Goal of the exercise: All pictures are to be dropped, and the remaining data set down exactly.

Collected material:
+ + + + +

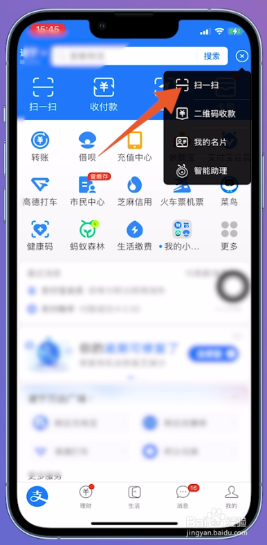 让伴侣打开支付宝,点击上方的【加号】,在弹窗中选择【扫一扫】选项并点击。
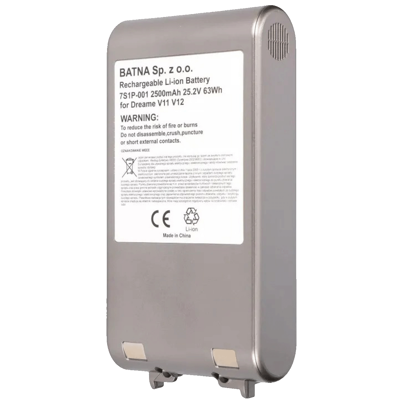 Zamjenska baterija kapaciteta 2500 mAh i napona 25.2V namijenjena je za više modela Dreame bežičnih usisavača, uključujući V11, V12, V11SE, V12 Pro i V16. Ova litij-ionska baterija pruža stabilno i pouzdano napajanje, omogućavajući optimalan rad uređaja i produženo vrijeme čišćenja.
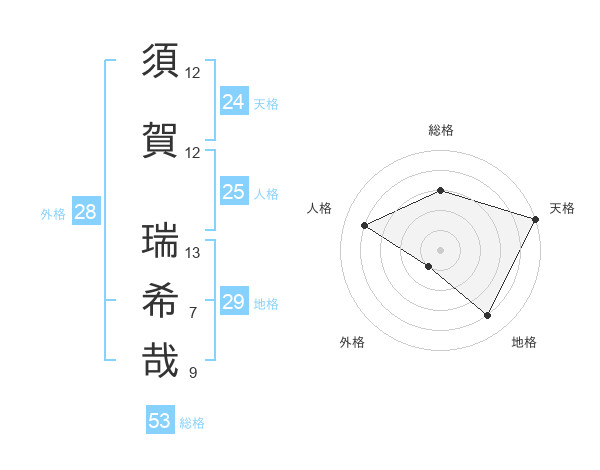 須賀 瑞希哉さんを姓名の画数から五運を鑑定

+ + + + +

Output:
 让伴侣打开支付宝,点击上方的【加号】,在弹窗中选择【扫一扫】选项并点击。
 Zamjenska baterija kapaciteta 2500 mAh i napona 25.2V namijenjena je za više modela Dreame bežičnih usisavača, uključujući V11, V12, V11SE, V12 Pro i V16. Ova litij-ionska baterija pruža stabilno i pouzdano napajanje, omogućavajući optimalan rad uređaja i produženo vrijeme čišćenja.
 須賀 瑞希哉さんを姓名の画数から五運を鑑定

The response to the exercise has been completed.